Online iNMF Converges Efficiently Without Loss of Accuracy Compared to Batch iNMF

In our first experiment, we evaluated the convergence performance of the online iNMF algorithm on the adult mouse cortex dataset⁷, which comprises 156,167 cells from the frontal cortex and 99,186 cells from the posterior cortex. The online iNMF algorithm converges much faster than previous batch iNMF algorithms on both the training set and a held-out test set (Fig. 2a–b), converging to a significantly lower training iNMF objective in a fixed amount of time (Fig. 2c). Online iNMF also shows superior performance on several other datasets from different biological contexts (Extended Data Fig. 1). Furthermore, the convergence behavior of the online algorithm on both training and test sets is relatively insensitive to the mini-batch size (Fig. 2d–e).

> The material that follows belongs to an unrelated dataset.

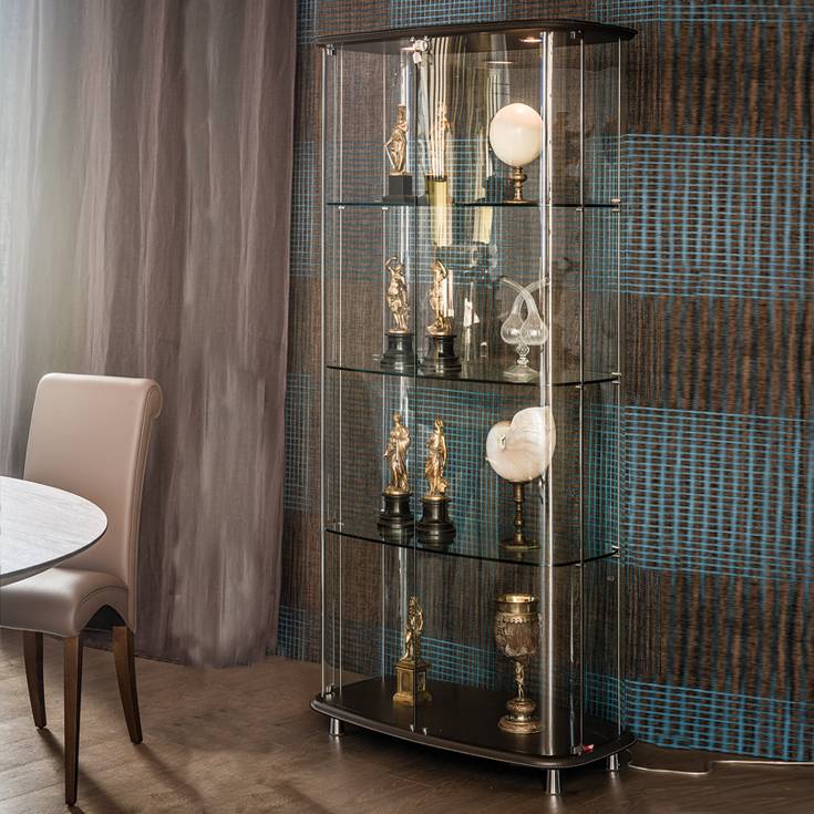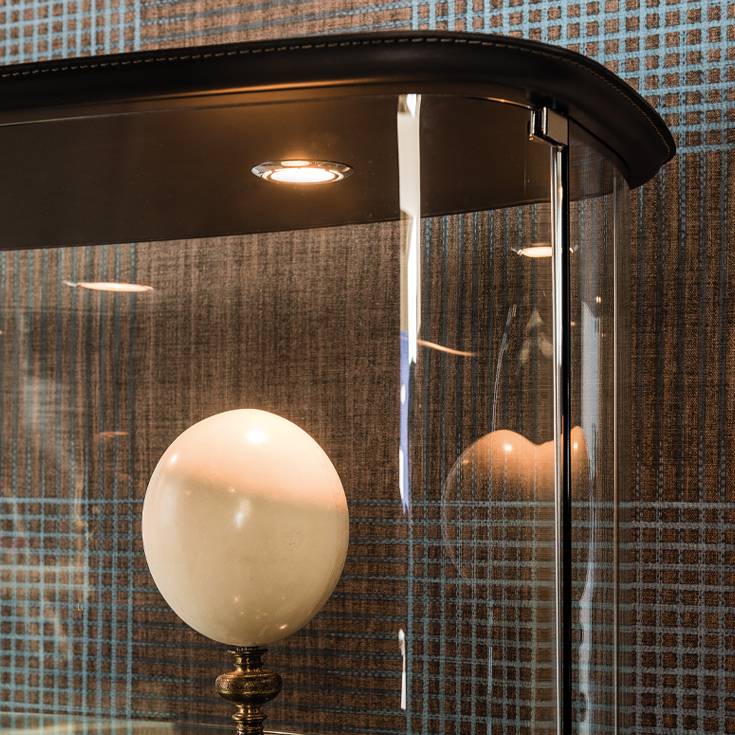 Конструкция из прочного прозрачного стекла обеспечивает полный обзор, в то время как основание и верхняя крышка, обитые кожей, придают витрине солидность и стилевую выразительность. Кожаная отделка открывает широкие возможности для персонализации: вы можете выбрать смелые яркие оттенки для создания акцентного элемента или спокойные нейтральные тона для достижения полной гармонии в интерьере.

Figure 2. — **a,b**, The online iNMF algorithm converges much more rapidly to a similar or better objective function value compared to the previously published batch methods--alternating nonnegative least squares (ANLS) and multiplicative updates (Mult)—on both training and testing sets. c, Box plots comparing the objective function values achieved by applying online and batch iNMF algorithms on the mouse cortex data $(n = 255, 353)$ after a fixed amount of training time. Center line shows the median; box limits, upper and lower quartiles; whiskers, 1.5x interquartile range; and points are outliers. **d-e**, The convergence behavior of online iNMF is nearly identical for mini-batch sizes from 1,000 to 10,000. f, The online iNMF algorithm becomes increasingly efficient (in terms of decrease in objective function value per unit time) as dataset size increases. The time required for the algorithm to converge does not significantly increase with growing dataset size once the dataset size exceeds 50,000 cells.

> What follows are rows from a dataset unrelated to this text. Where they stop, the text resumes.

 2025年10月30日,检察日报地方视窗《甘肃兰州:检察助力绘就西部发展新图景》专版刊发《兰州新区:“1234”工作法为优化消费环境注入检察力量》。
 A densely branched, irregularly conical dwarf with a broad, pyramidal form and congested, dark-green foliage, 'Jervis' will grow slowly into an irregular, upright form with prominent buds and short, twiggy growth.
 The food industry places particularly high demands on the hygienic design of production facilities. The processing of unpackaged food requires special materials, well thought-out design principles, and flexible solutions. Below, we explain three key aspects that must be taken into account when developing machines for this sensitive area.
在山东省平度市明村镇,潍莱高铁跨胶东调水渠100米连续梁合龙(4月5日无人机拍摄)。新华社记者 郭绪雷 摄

Moreover, for a fixed test set, the runtime needed to reach convergence remains nearly constant once the total number of cells exceeds some minimum threshold (around 50,000, in this case). (Fig. 2f). This behavior likely occurs because, for a cell population of fixed complexity (for example, a tissue containing 12 cell types), only some fixed number of observations is required to effectively learn the metagenes. Thus, using the entire dataset to update the shared and data-specific metagenes at each iteration becomes increasingly inefficient as the dataset size exceeds the minimum threshold size needed to learn the metagenes. Conversely, the relative efficiency of online iNMF compared to batch methods increases with dataset size.

Next we investigated whether online iNMF yields similar dataset alignment and cluster preservation to our previously published alternating nonnegative least squares (ANLS) algorithm. (We refer to the ANLS algorithm as batch iNMF in subsequent discussions, to distinguish it from online iNMF.) We applied both online iNMF and batch iNMF to three scRNA-seq data collections, then visualized the factor loadings using UMAP plots (Extended Data Fig. 2). The online iNMF algorithm yields visualizations that are qualitatively very similar to batch iNMF, suggesting nearly identical dataset alignment and accurate preservation of the original cluster structure for all three data collections.

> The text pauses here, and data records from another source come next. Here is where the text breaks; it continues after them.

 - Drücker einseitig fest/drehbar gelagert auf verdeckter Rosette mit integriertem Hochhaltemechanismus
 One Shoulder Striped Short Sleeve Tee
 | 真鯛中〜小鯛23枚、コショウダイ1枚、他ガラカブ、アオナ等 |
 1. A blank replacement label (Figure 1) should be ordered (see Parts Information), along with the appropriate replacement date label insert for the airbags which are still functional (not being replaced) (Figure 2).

Online iNMF Yields State-of-the-Art Single-Cell Data Integration Results Using Significantly Less Time and Memory

We next benchmarked online iNMF (scenario 1) against batch iNMF⁵ and two state-of-the-art single-cell data integration methods, Seurat v3² and Harmony⁴. We selected these methods for comparison because a recent paper benchmarked 14 single-cell data integration methods and found that Harmony, Seurat, and LIGER consistently achieved the best dataset alignment and cluster preservation on a range of datasets⁸.

To benchmark time and memory usage, we generated five datasets of increasing sizes (ranging from 10,000 to 255,353 cells in total) sampled from the same adult mouse frontal and posterior cortex data. Then we utilized them to compare the runtime and peak memory usage of online iNMF (mini-batch size = 5,000) and the other methods (Fig. 3a).

Figure 3. — The data are sampled from the adult mouse cortex ( $n = 10, 000, 50, 000, 100, 000, 200, 000, 255, 353 cells$ , 2 individual datasets), human PBMC ( $n = 13, 999 cells$ , 2 individual datasets) and human pancreas ( $n = 14, 890 cells$ , 8 individual datasets). a, The runtime and peak memory usage required for online iNMF, batch iNMF, Harmony and Seurat to integrate the frontal and posterior cortex datasets. **b,c**, Quantitative assessment of data integration and low-dimensional embedding carried out by four methods on the human PBMC and human pancreas datasets. Higher values are better for all 4 metrics. Error bars indicate standard deviation across 100 random initializations. The results from iNMF approaches (100 initializations each) are presented as $mean values \pm standard deviation$ , while Harmony and Seurat were only run once.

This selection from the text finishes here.